The reason why there is a general apprehension is decently exemplified by pairwise: It’s C implementation is apparently suboptimal, and therefore now needs to be fixed. This means extra work by multiple people, potentially a dozen man hours for a 3-line python function… Adding a function to the stdlib means practically indefinite support and effort, so it needs to justify it’s usefulness against that barrier. And C implementations also require extra implementation effort by all the other Python implementations which can’t just reuse the code.

2 Likes

Here’s one:

 23.1 ± 0.5 μs  consume(recipe(iterable))
 37.5 ± 0.5 μs  consume(pairwise(iterable))

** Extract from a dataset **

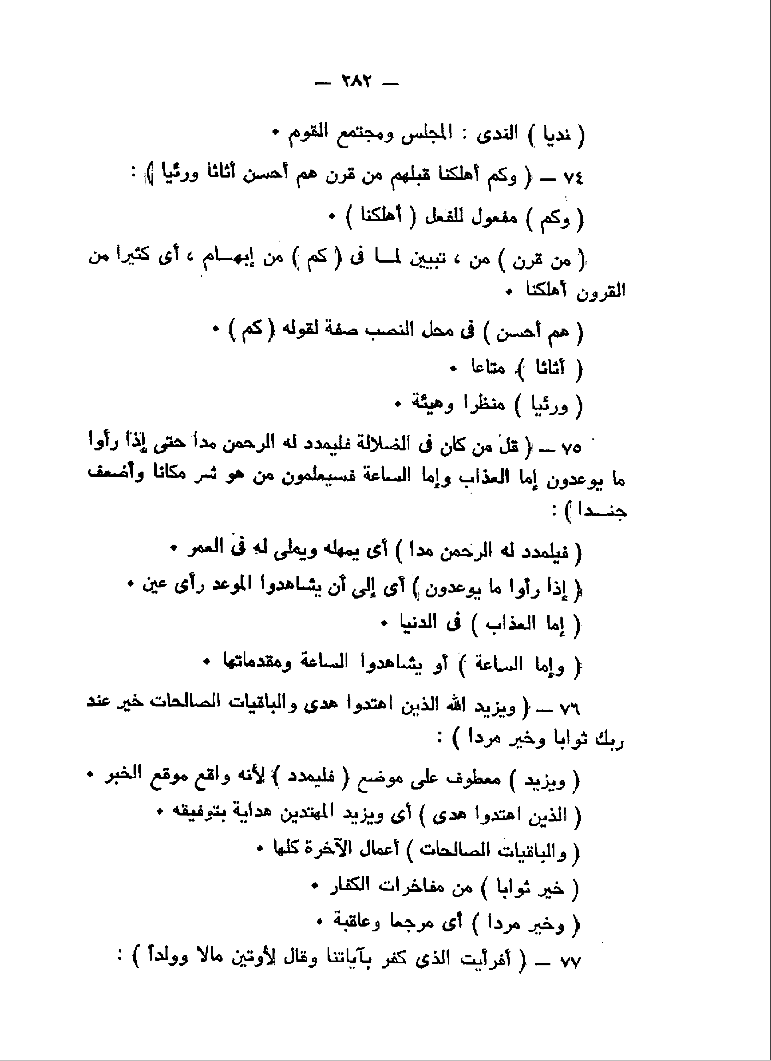 وَكَمْ أَهْلَكْنا قَبْلَهُمْ مِنْ قَرْنٍ هُمْ أَحْسَنُ أَثاثاً وَرِءْياً (74) قُلْ مَنْ كانَ فِي الضَّلالَةِ فَلْيَمْدُدْ لَهُ الرَّحْمنُ مَدًّا حَتَّى إِذا رَأَوْا ما يُوعَدُونَ إِمَّا الْعَذابَ وَإِمَّا السَّاعَةَ فَسَيَعْلَمُونَ مَنْ هُوَ شَرٌّ مَكاناً وَأَضْعَفُ جُنْداً (75) وَيَزِيدُ اللَّهُ الَّذِينَ اهْتَدَوْا هُدىً وَالْباقِياتُ الصَّالِحاتُ خَيْرٌ عِنْدَ رَبِّكَ ثَواباً وَخَيْرٌ مَرَدًّا (76) أَفَرَأَيْتَ الَّذِي كَفَرَ بِآياتِنا وَقالَ لَأُوتَيَنَّ مالاً وَوَلَداً (77)

Python: 3.12.0 (main, Oct  7 2023, 10:42:35) [GCC 13.2.1 20230801]

That’s with:

iterable = list(range(1000))
consume = deque(maxlen=0).extend
Benchmark script
from timeit import repeat

setup = '''
from itertools import pairwise, tee
from collections import deque

def recipe(iterable):
    a, b = tee(iterable)
    next(b, None)
    return zip(a, b)

iterable = list(range(1000))
consume = deque(maxlen=0).extend
'''

codes = [
    'consume(pairwise(iterable))',
    'consume(recipe(iterable))',
]

from timeit import timeit
from statistics import mean, stdev
import sys
import random

times = {code: [] for code in codes}
def stats(code):
    ts = [t * 1e6 for t in sorted(times[code])[:5]]
    return f'{mean(ts):5.1f} ± {stdev(ts):3.1f} μs '
for _ in range(25):
    random.shuffle(codes)
    for code in codes:
        number = 10**3
        t = timeit(code, setup, number=number) / number
        times[code].append(t)
for code in sorted(codes, key=stats):
    print(stats(code), code)

print('\nPython:', sys.version)

Attempt This Online!

In this case, I don’t think that mean we should be hesitant about adding functionality. I do think that we need to revisit what is going on with pairwise, I will try seeing if I can do some benchmarks on the C code for pairwise, and see if we can implement it in terms of tee… That isn’t a bad idea actually. I mean since tee is written… I should be able to write them in terms of tee I want to see how this will affect performance. I 100% agree that this is unacceptable, however, at the end of the day… We can do better, and I think it’s worth it to do better.

Related topic: Why is pairwise slower than zip?

I mean tee is clearly faster, but we can use tee in C, and see how that affects performance… I will benchmark what I have, and see what I can do. I 100% agree with this take, if we are implementing in C there should be no excuse for it being slower.